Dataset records
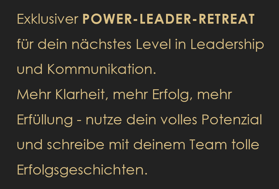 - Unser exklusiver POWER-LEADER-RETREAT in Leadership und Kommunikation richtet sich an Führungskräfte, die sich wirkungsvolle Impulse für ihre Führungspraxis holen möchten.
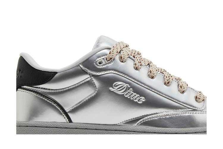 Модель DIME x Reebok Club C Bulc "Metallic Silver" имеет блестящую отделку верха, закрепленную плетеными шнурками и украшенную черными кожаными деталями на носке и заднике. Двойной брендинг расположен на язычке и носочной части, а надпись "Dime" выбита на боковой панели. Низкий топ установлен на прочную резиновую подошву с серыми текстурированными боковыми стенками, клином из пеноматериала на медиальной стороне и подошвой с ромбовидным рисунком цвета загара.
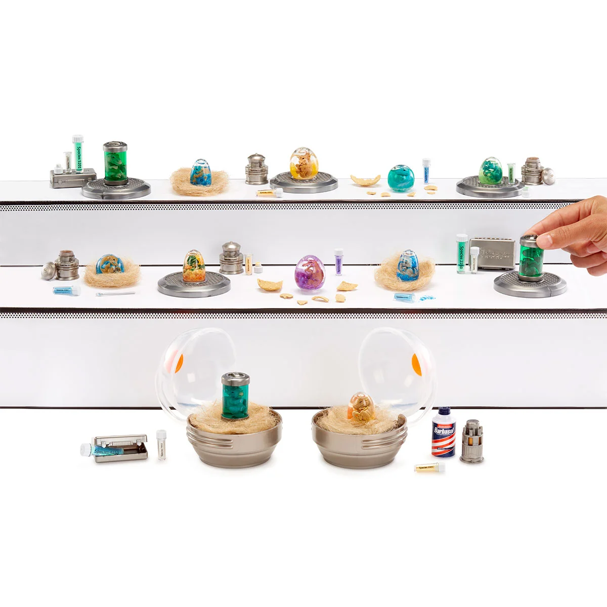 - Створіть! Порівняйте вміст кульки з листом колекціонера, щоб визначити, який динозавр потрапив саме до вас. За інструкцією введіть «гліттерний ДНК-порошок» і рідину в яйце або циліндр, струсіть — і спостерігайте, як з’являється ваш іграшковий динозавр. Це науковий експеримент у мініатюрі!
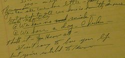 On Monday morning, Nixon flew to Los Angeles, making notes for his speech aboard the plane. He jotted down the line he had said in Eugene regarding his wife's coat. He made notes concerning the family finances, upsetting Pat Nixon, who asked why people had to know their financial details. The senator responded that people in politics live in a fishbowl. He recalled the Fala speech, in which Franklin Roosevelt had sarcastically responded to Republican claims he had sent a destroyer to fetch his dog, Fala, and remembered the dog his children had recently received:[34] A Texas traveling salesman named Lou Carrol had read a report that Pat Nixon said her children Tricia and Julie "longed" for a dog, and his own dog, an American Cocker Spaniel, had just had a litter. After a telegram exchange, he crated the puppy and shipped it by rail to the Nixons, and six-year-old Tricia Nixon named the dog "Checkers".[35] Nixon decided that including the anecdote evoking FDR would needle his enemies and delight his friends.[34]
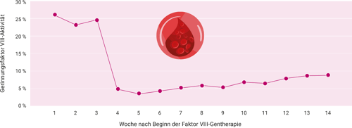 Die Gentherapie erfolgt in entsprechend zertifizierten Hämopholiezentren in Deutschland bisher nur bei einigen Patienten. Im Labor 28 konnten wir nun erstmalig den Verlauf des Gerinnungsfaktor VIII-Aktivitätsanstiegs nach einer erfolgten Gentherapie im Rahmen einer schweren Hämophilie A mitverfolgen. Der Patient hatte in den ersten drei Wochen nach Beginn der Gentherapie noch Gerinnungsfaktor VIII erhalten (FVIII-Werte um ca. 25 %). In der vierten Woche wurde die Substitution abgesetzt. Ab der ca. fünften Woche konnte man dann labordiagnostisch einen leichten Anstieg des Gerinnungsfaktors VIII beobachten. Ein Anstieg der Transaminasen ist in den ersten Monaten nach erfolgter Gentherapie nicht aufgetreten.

» **Required action**: Your response must reproduce every line of the data exactly, with images omitted.

» **Answer to this task**:
 - Unser exklusiver POWER-LEADER-RETREAT in Leadership und Kommunikation richtet sich an Führungskräfte, die sich wirkungsvolle Impulse für ihre Führungspraxis holen möchten.
 Модель DIME x Reebok Club C Bulc "Metallic Silver" имеет блестящую отделку верха, закрепленную плетеными шнурками и украшенную черными кожаными деталями на носке и заднике. Двойной брендинг расположен на язычке и носочной части, а надпись "Dime" выбита на боковой панели. Низкий топ установлен на прочную резиновую подошву с серыми текстурированными боковыми стенками, клином из пеноматериала на медиальной стороне и подошвой с ромбовидным рисунком цвета загара.
 - Створіть! Порівняйте вміст кульки з листом колекціонера, щоб визначити, який динозавр потрапив саме до вас. За інструкцією введіть «гліттерний ДНК-порошок» і рідину в яйце або циліндр, струсіть — і спостерігайте, як з’являється ваш іграшковий динозавр. Це науковий експеримент у мініатюрі!
 On Monday morning, Nixon flew to Los Angeles, making notes for his speech aboard the plane. He jotted down the line he had said in Eugene regarding his wife's coat. He made notes concerning the family finances, upsetting Pat Nixon, who asked why people had to know their financial details. The senator responded that people in politics live in a fishbowl. He recalled the Fala speech, in which Franklin Roosevelt had sarcastically responded to Republican claims he had sent a destroyer to fetch his dog, Fala, and remembered the dog his children had recently received:[34] A Texas traveling salesman named Lou Carrol had read a report that Pat Nixon said her children Tricia and Julie "longed" for a dog, and his own dog, an American Cocker Spaniel, had just had a litter. After a telegram exchange, he crated the puppy and shipped it by rail to the Nixons, and six-year-old Tricia Nixon named the dog "Checkers".[35] Nixon decided that including the anecdote evoking FDR would needle his enemies and delight his friends.[34]
 Die Gentherapie erfolgt in entsprechend zertifizierten Hämopholiezentren in Deutschland bisher nur bei einigen Patienten. Im Labor 28 konnten wir nun erstmalig den Verlauf des Gerinnungsfaktor VIII-Aktivitätsanstiegs nach einer erfolgten Gentherapie im Rahmen einer schweren Hämophilie A mitverfolgen. Der Patient hatte in den ersten drei Wochen nach Beginn der Gentherapie noch Gerinnungsfaktor VIII erhalten (FVIII-Werte um ca. 25 %). In der vierten Woche wurde die Substitution abgesetzt. Ab der ca. fünften Woche konnte man dann labordiagnostisch einen leichten Anstieg des Gerinnungsfaktors VIII beobachten. Ein Anstieg der Transaminasen ist in den ersten Monaten nach erfolgter Gentherapie nicht aufgetreten.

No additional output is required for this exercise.